Che cos’è lo scontrino elettronico e come funziona dal 2020 per tutti, negozianti e clienti 

Con scontrino elettronico si intende la memorizzazione e trasmissione dei corrispettivi giornalieri per coloro che hanno un’attività di commercio. Il fine con cui il legislatore ha stabilito questa necessità, che va ad affiancarsi all’obbligo di fatturazione elettronicaè contrastare l’evasione fiscale. Immediatamente infatti sarà possibile constatare le vendite, l’IVA incassata eccetera. Si tratta di una misura che ha coinvolto nel 2019 oltre 260mila attività di commercio (caratterizzate come detto da un alto volume di affari) e riguarderà nel 2020 2 milioni circa di negozi. Tra questi vi sono anche i soggetti che optano per i regimi minimi e forfettari, che non sono esclusi dall’obbligo. 

Per mettersi in regola gli esercenti devono dotarsi di registratori di cassa telematici (che rispettino regole e specifiche stabilite dall’Agenzia delle Entrate). Tali strumenti tecnologici devono garantire l’inalterabilità e la sicurezza dei dati relativi ai pagamenti, avvengano essi in contanti, con carta di debito o di credito, e devono poi trasmettere i dati fiscali raccolti. Dal punto di vista tecnico sono caratterizzati da una memoria provvisoria e da una permanente per salvaguardare i dati da trasmettere e custodire quelli già trasmessi. Vi sono società accreditate all’Agenzia delle Entrate che forniscono tale tipologia di prodotti che risultano a norma con le suddette specifiche. 

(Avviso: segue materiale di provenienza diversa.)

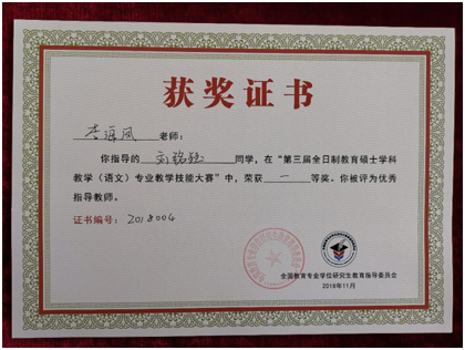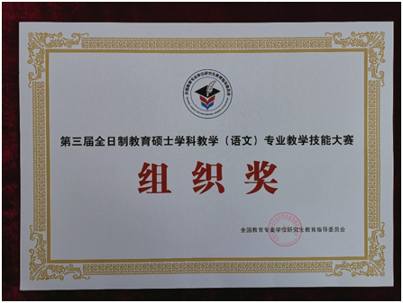 2018年11月17日至19日,由全国教育专业学位研究生教育指导委员会主办的第三届全日制教育硕士学科教学(语文)专业教学技能大赛在江西师范大学举行。来自全国的88所院校的315名学科教学(语文)研究生参加复赛,经专家评审选出120名选手参加决赛。我校与长春师范大学联合培养的两名研究生均进入决赛。其中刘铭钰荣获决赛一等奖,刘彦廷荣获决赛三等奖,学科教学(语文)导师团队李海凤老师被评为优秀指导教师。我校被全国教育专业学位研究生教育指导委员会授予第三届全日制教育硕士学科教学(语文)专业教学技能大赛组织奖。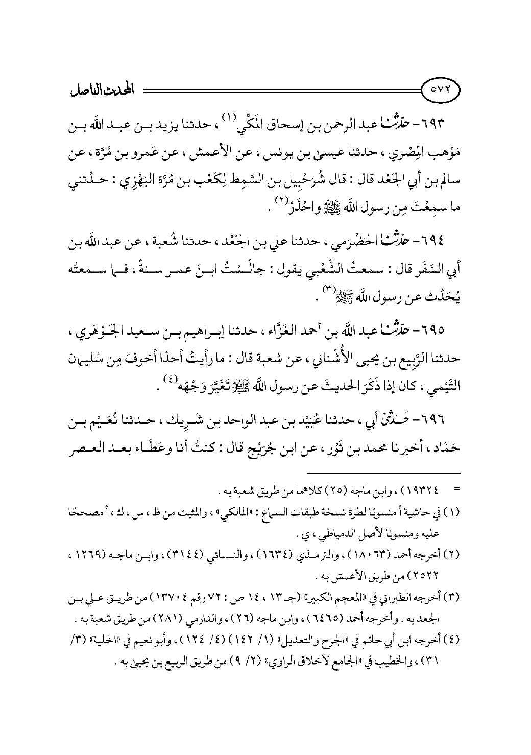 (¬٣) أخرجه الطبراني في «المعجم الكبير» (جـ ١٣، ١٤ ص: ٧٢ رقم ١٣٧٠٤) من طريق علي بن الجعد به. وأخرجه أحمد (٦٤٦٥)، وابن ماجه (٢٦)، والدارمي (٢٨١) من طريق شعبة به.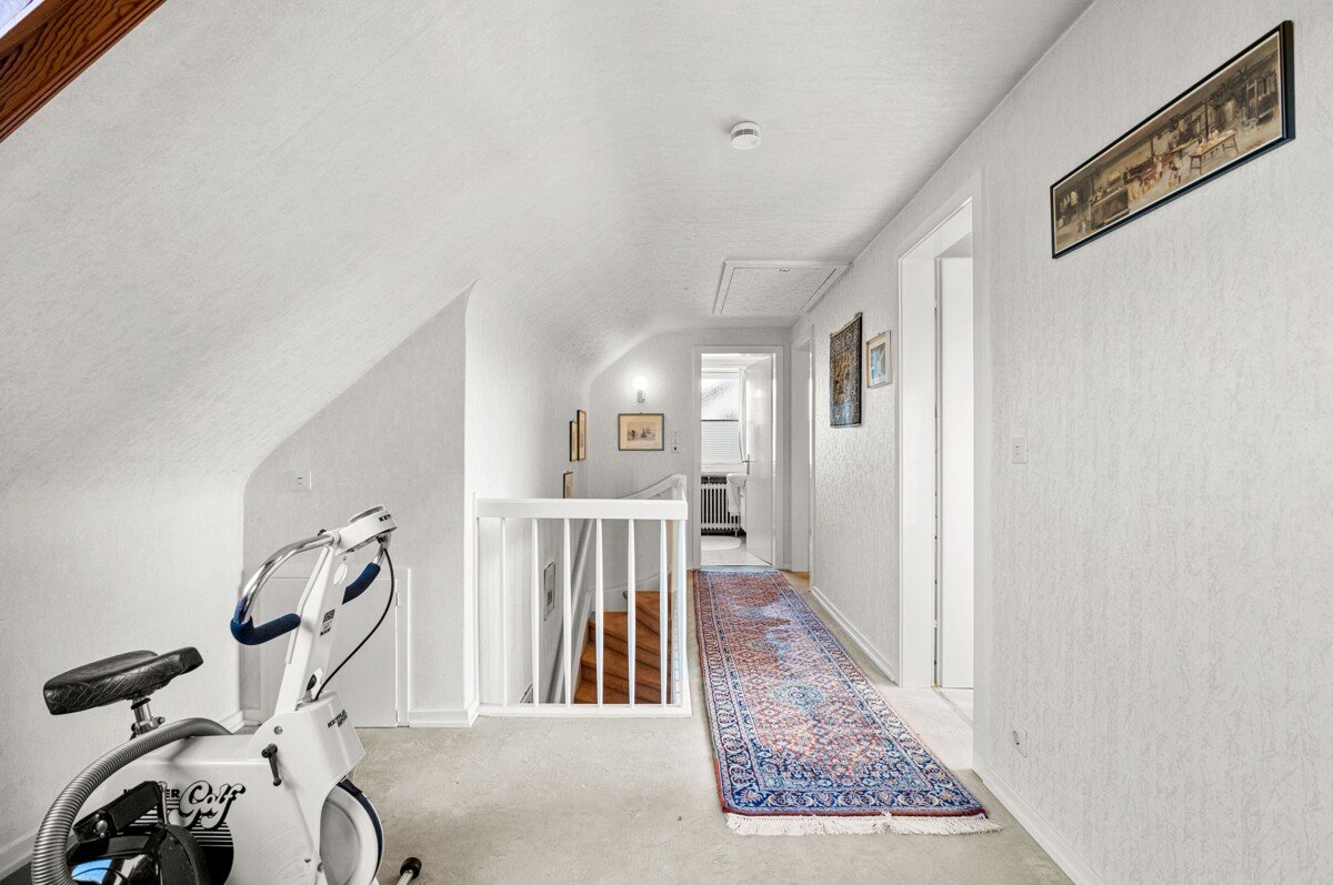 Im Obergeschoss stehen drei gut geschnittene Schlafzimmer zur Verfügung, ergänzt durch ein Tageslicht-Duschbad sowie eine offene Galerie, die sich hervorragend als Arbeitsplatz, Leseecke oder Spielbereich eignet. Der vorhandene Teilkeller bietet nützliche Abstell- und Funktionsflächen.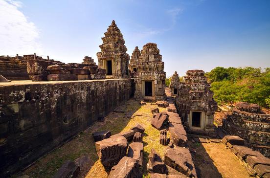 In spektakulärer Lage auf den steil abfallenden Damrek-Bergen thront der Preah Vihear sozusagen über dem äußersten Norden Kambodschas. Der Tempel (9.–12.Jh.) liegt auf kambodschanischem Boden im Grenzgebiet zu Thailand. 2008 hat die Unesco Preah Vihear zum Weltkulturerbe ernannt, seitdem ist ein heftiger, seit Jahrhunderten schwelender Grenzkonflikt wieder aufgeflammt, ein Ende ist nicht absehbar. Über steile Naga-Treppen und vier Terrassen steigt das Heiligtum wie ein Götterthron mit gopura-Pavillons, Säulen, Türmen und Galerien bis auf 600 m Höhe an. Auf dem obersten Plateau bricht der Boden an einer Felsenklippe senkrecht ab und bietet einen atemberaubenden Blick über das Land, das sich leer und verlassen zu Füßen der Tempelbesucher erstreckt. In der Gegend gibt es wegen der starken Verminung kaum Siedlungen. Der noch immer selten von Kambodscha aus besuchte Tempel war jahrelang von Thailand aus besser zugänglich – mit massenhaftem Ansturm thailändischer Reisegruppen. Derzeit jedoch ist der thailändische Zugang gesperrt, was den Tempel zu einer der ruhigsten und abgelegensten Unesco-Tempel-Oasen in ganz Asien macht! Nach einem UN-Richterspruch herrscht Ruhe in der Gegend, das Auswärtige Amt warnte bei Redaktionsschluss dennoch vor Reisen nach Preah Vihear – erkundige dich vor deiner Reise nach der Lage.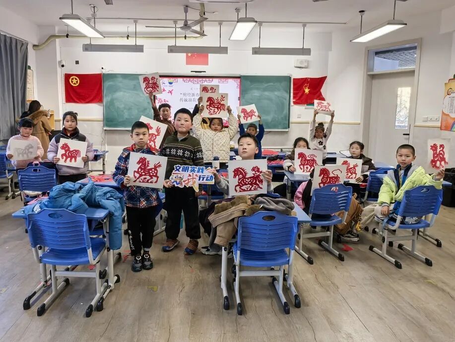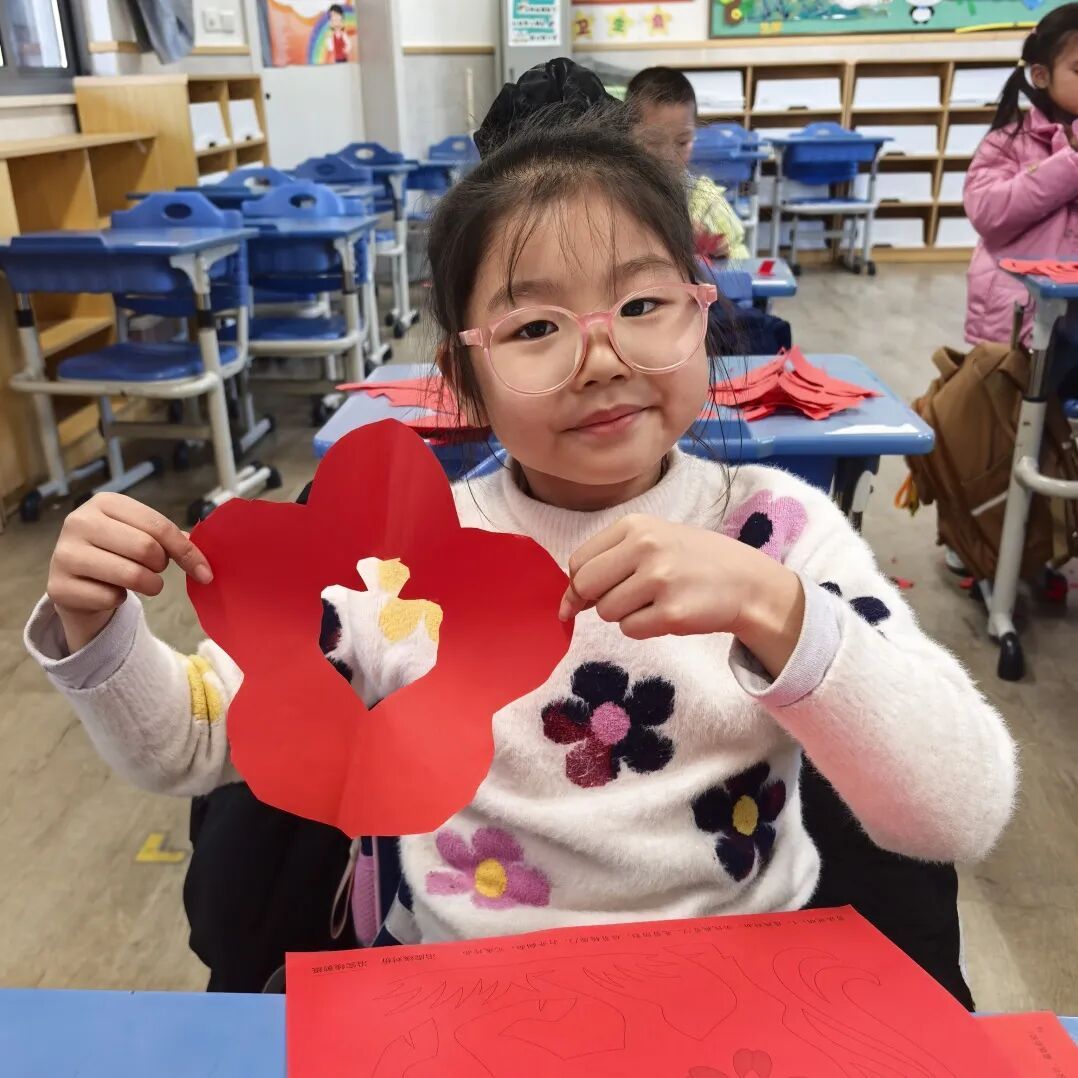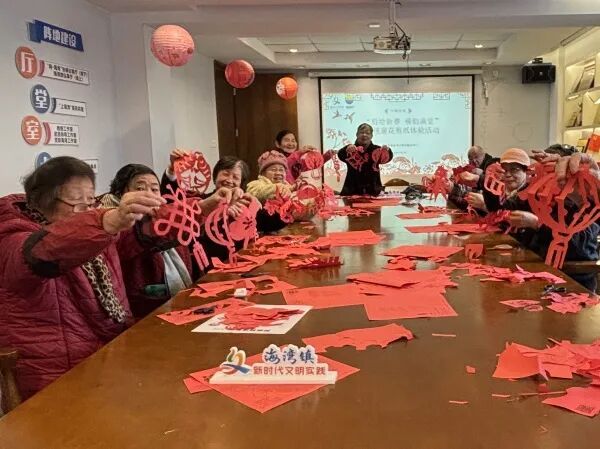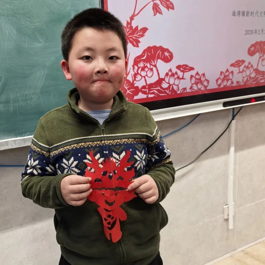窗花映喜,剪纸传情。非遗剪纸体验活动走进海湾镇新时代文明实践分中心活动室与寒托班课堂,让社区居民与孩子们同享非遗乐趣。活动中,大学生志愿者悉心讲解“先内后外、先细后粗”的剪纸技巧,指导大家拿捏流畅线条、雕琢圆润转角。红纸簌簌翻飞,小马、福字、花鸟、灯笼等灵动窗花于指尖次第成型。大家举着亲手剪的作品雀跃展示,脸上满是创作的喜悦与自豪,非遗魅力在欢声笑语中静静传递。

Parallelamente però, lAgenzia delle Entrate ha messo a disposizione sul proprio sito la procedura web disponibile per coloro che non sono in possesso del registratore di cassa telematico. I negozianti possono accedere al portale Fatture e Corrispettivi (usando le credenziali Spid – Sistema pubblico di identità digitale, dei servizi telematici Entratel e Fisconline o la Carta Nazionale dei Servizi – Cns) per predisporre online il documento commerciale, memorizzare e inviare i dati relativi alle vendite effettuate. In particolare, saranno riportati, oltre all’ammontare di quanto pagato dal cliente: data e ora di emissione, numero progressivo del documento, descrizione dei beni o servizi commercializzati e, naturalmente, la denominazione dell’attività, il numero di partita IVA e l’ubicazione dell’esercizio. Più nello specifico, i servizi offerti sono i seguenti: un servizio Web che consente l’upload del file dei dati complessivi relativi a una giornata, suddivisi per aliquota Iva o di un file compresso che includa i file dei corrispettivi delle singole giornate; un servizio web di compilazione dei dati dei corrispettivi giornalieri distinti per aliquota IVA o con l’indicazione del regime di ventilazione e poi vi è una terza possibilità che prevede un sistema di cooperazione applicativa che mediante il web service consente di inviare i dati attraverso protocollo https o sftp. 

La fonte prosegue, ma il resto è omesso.